Static concreteness ratings are widely used in NLP, yet a word's concreteness can shift with context, especially in figurative language such as metaphor, where common concrete nouns can take abstract interpretations. While such shifts are evident from context, it remains unclear how LLMs understand concreteness internally. We conduct a layer-wise and geometric analysis of LLM hidden representations across four model families, examining how models distinguish literal vs figurative uses of the same noun and how concreteness is organized in representation space. We find that LLMs separate literal and figurative usage in early layers, and that mid-to-late layers compress concreteness into a one-dimensional direction that is consistent across models. Finally, we show that this geometric structure is practically useful: a single concreteness direction supports efficient figurative-language classification and enables training-free steering of generation toward more literal or more figurative rewrites.

Editorial analysis

A structured set of objections, weighed in public.

Desk editor's note, referee report, simulated authors' rebuttal, and a circularity audit. Tearing a paper down is the easy half of reading it; the pith above is the substance, this is the friction.

Desk Editor's Note private letter to a colleague

The paper finds a consistent 1D concreteness direction in mid-to-late LLM layers for literal versus figurative noun uses, and shows it supports simple classification and steering, but the evidence that this is a general model property rather than a stimulus artifact remains thin.

read the letter

The core observation is that several LLMs develop a single linear direction tied to concreteness in their hidden states once they reach mid-to-late layers, and that direction separates literal from figurative uses of the same nouns while also allowing training-free steering of generation. The cross-model consistency and the downstream uses are the parts that stand out most clearly from the abstract and the described experiments.

Referee Report

2 major / 2 minor

Summary. The manuscript conducts a layer-wise geometric analysis of LLM hidden representations to examine how models encode concreteness in literal versus figurative uses of the same nouns. Across four model families, it reports that early layers separate literal and figurative usages while mid-to-late layers compress concreteness into a consistent one-dimensional direction; this direction is then shown to support training-free figurative-language classification and steering of generation toward more literal or figurative outputs.

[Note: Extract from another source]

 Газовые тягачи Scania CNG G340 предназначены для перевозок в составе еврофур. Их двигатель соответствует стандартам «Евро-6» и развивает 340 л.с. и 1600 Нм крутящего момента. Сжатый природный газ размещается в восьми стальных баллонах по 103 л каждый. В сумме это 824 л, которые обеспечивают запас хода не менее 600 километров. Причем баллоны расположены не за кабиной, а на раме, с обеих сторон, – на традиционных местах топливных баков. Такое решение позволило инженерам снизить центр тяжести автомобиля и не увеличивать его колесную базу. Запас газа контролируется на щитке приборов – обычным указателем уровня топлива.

Significance. If the geometric claims hold after controls, the work advances interpretability by identifying a compressed, cross-model axis for a context-dependent semantic property. The practical demonstrations of classification and steering add applied value, and the consistency finding (if not reducible to stimulus artifacts) would be a useful benchmark for representation geometry studies.

major comments (2)

[§4.2] §4.2 (Cross-model consistency analysis): the reported one-dimensional concreteness direction and its alignment across models may be driven by co-occurrence statistics in the paired literal/figurative noun stimuli rather than an internal model property. Because the same nouns appear in both conditions, any systematic difference in training-data contexts (syntactic frames, collocates, or sentiment) can induce a spurious linear direction; without ablations on unmatched nouns, frequency-matched controls, or out-of-distribution items, the generality claim is not yet load-bearing.
[§3.3] §3.3 (Stimulus and direction extraction): the method for extracting the concreteness direction (difference vectors, linear probes, or PCA) is not shown to be invariant to the specific choice of figurative contexts. The central compression claim requires evidence that the direction remains stable when the literal/figurative contrast is decorrelated from lexical identity; the current paired design leaves this open.

minor comments (2)

[Abstract] The abstract would be strengthened by reporting at least one key quantitative result (e.g., classification accuracy or steering success rate with error bars) rather than qualitative descriptions alone.
[Figures] Figure captions for the layer-wise plots should explicitly state the number of stimuli, models, and the precise metric used to measure 'consistency' of the direction (e.g., cosine similarity threshold or alignment score).

Simulated Author's Rebuttal

2 responses · 0 unresolved

We thank the referee for the constructive feedback, which raises valid points about potential stimulus confounds in our geometric analysis. We address each major comment below and commit to revisions that strengthen the claims without overstating current evidence.

read point-by-point responses

Referee: [§4.2] §4.2 (Cross-model consistency analysis): the reported one-dimensional concreteness direction and its alignment across models may be driven by co-occurrence statistics in the paired literal/figurative noun stimuli rather than an internal model property. Because the same nouns appear in both conditions, any systematic difference in training-data contexts (syntactic frames, collocates, or sentiment) can induce a spurious linear direction; without ablations on unmatched nouns, frequency-matched controls, or out-of-distribution items, the generality claim is not yet load-bearing.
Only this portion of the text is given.